Disclaimer: This article mentions https://terra-cotta.ai/, an LLM experimentation platform I am building


ChatGPT, Bard, and other large language models (LLMs) are very useful for a wide variety of tasks from writing code to answering complex questions to aiding with education. However, these models are ultimately limited by the data that they are trained on. Also, these models are trained to be able to answer a wide variety of questions which may not be sufficient for domain-specific questions. Fine-tuning is essential in order to make these models accurately answer domain-specific questions and be useful for difficult tasks. Furthermore, fine-tuning may be cheaper for inference.

Fine-tuning is the process of training an LLM on your own custom data. The fine-tuning process begins with a generic LLM that is pretrained on a large amount of text data. Fine tuning updates the generic model’s parameters or weights by using a smaller dataset for a target task.

One example of a task where fine-tuning is necessary is getting a medical diagnosis from raw medical records, such as electronic health records or medical imaging reports. ChatGPT is unlikely to perform this task well since it lacks specialized knowledge in medical domains and direct experience with real medical cases. ChatGPT will usually generate a confident response to any query, but the response cannot always be trusted due to hallucinations, where the model returns incorrect information [1]. Hallucinations are common for difficult tasks. Fine-tuning a language model specifically on validated, trusted medical data is essential to ensure accurate and reliable results. A fine-tuned model would learn the domain-specific knowledge and likely be able to return accurate diagnoses for this task.

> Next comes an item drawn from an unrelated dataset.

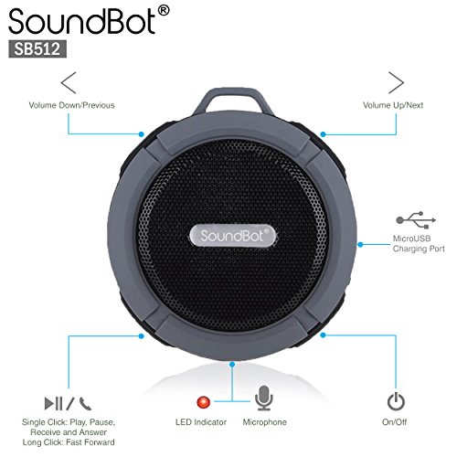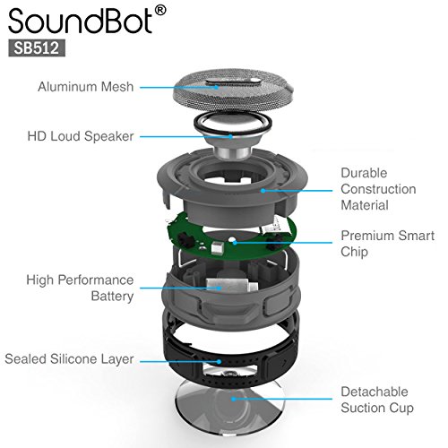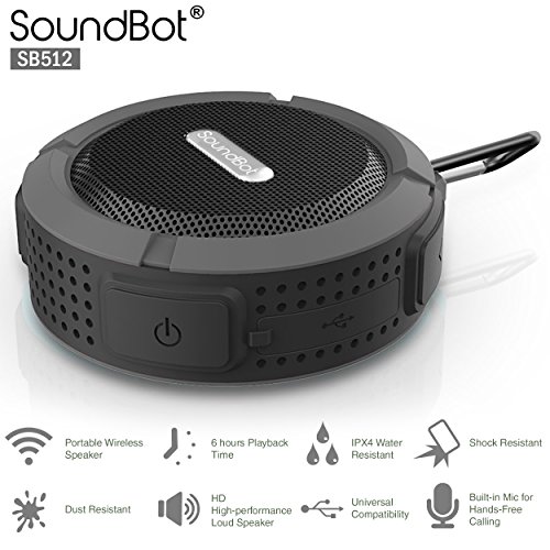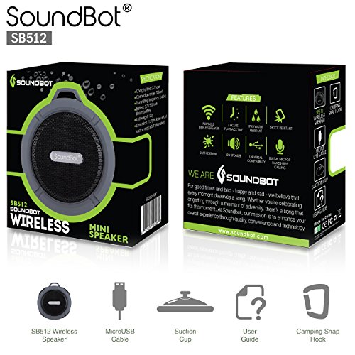 Feature -Shock & water resistant high-performance loud speaker -Premium speaker driver to deliver enhanced music listening experience with HD acoustic and crystal clear sound -Low energy consumption and eco-friendly Bluetooth wireless technology -Reinforced rugged shock-resistance material -High efficiency audio wireless connectivity -Up to 6 hours of playtime, 6.5 days of standby time, or 7 hours of talktime -Universal compatibility with Android and iPhone, iPad, tablets, smartphones, iPods, MP3, MP4 and other Bluetooth enabled digital players -Comes with a built-in hook and a FREE camping snap hook for outdoor use with maximum portability -Built-in mic for hands-free talking -Built-in high density battery Specification -Bluetooth 3.0 + EDR -Playback time: Up to 6 hours - Charging time: 2-4 hour - Connection range: 33 feet - Battery: 500mAh lithium battery - Waterproof level: iPX4 Warranty & support - Email between 9am - 6pm PST will be answered with 24 business hours - 1 year full manufacture product warranty included What's in the box - SB512 HD Water Resistant Bluetooth Speaker - MicroUSB Charging Cable - Camping Snap Hook - Suction Cup - User Guide

The idea of fine-tuning has a strong research pedigree. The approach can be traced back to 2018, when two influential papers were published. The first paper, “Improving Language Understanding by Generative Pre-Training” by Radford et al. [2] introduces the GPT model that is now used in ChatGPT. GPT used self-supervised learning to train an LLM on a large amount of unlabeled data. In the paper, the authors show that their GPT model could achieve state-of-the-art results on multiple tasks by fine-tuning their model on specific datasets. Similarly, “BERT: Pre-training of Deep Bidirectional Transformers for Language Understanding” by Devlin et al. [3] introduced BERT, a novel transformer model and showed the ability for it to be fine-tuned and achieve state-of-the-art performance on multiple tasks after fine-tuning. The image below shows how BERT can be fine-tuned on specific tasks such as SQuAD.

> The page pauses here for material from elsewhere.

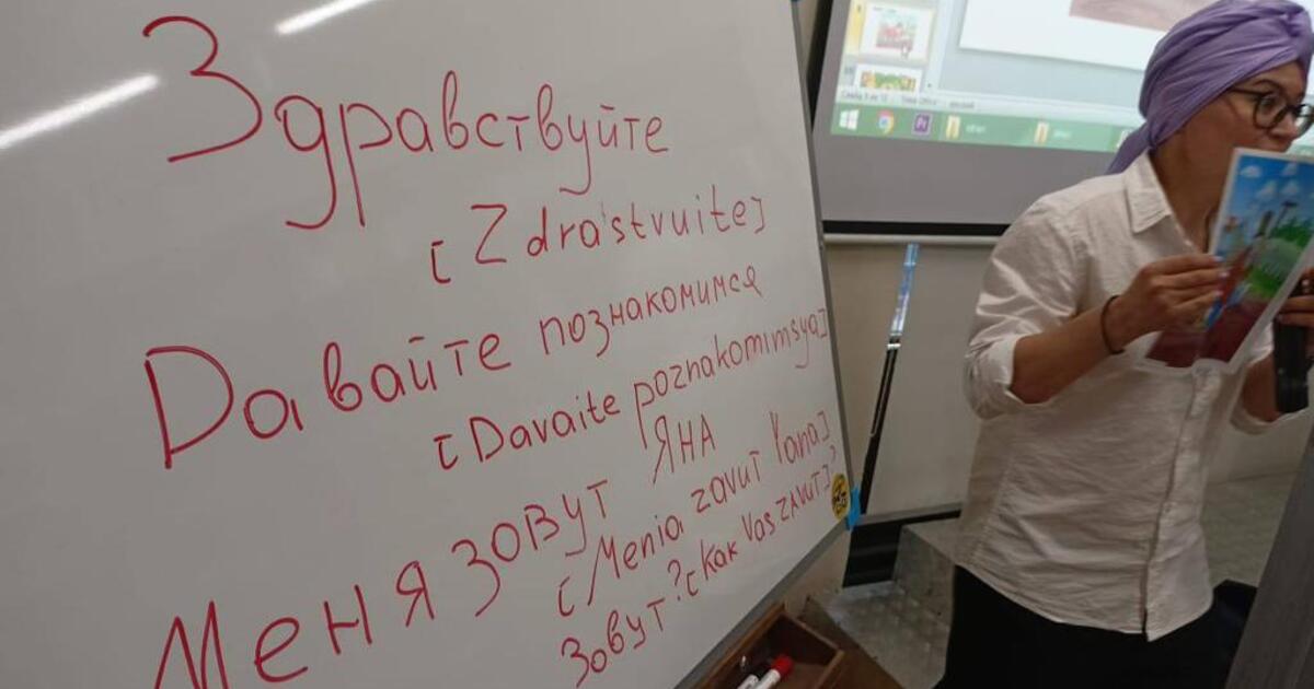 Первые гости начали изучать русский со сказки «Репка». Они выучили приветствия и фразы выяснения степени родства.

Image from BERT paper [3] Image from BERT paper [3]

Fine-tuning vs. prompting

Fine-tuning and prompting are two ways to solve tasks with LLMs. Fine-tuning adapts an LLM with a dataset by updating the model’s parameters. On the other hand, prompting refers to a user inputting specific instructions or text as prompts into a generalized (not fine-tuned) LLM to guide the model’s response. One-shot and few-shot prompting are examples of prompting techniques. In the image below, we can see how zero-shot, one-shot, and few-shot prompting compare to fine-tuning. Note that the prompts for the prompting examples are longer than the fine-tuning prompt.

Image from GPT-3 paper [4] Image from GPT-3 paper [4]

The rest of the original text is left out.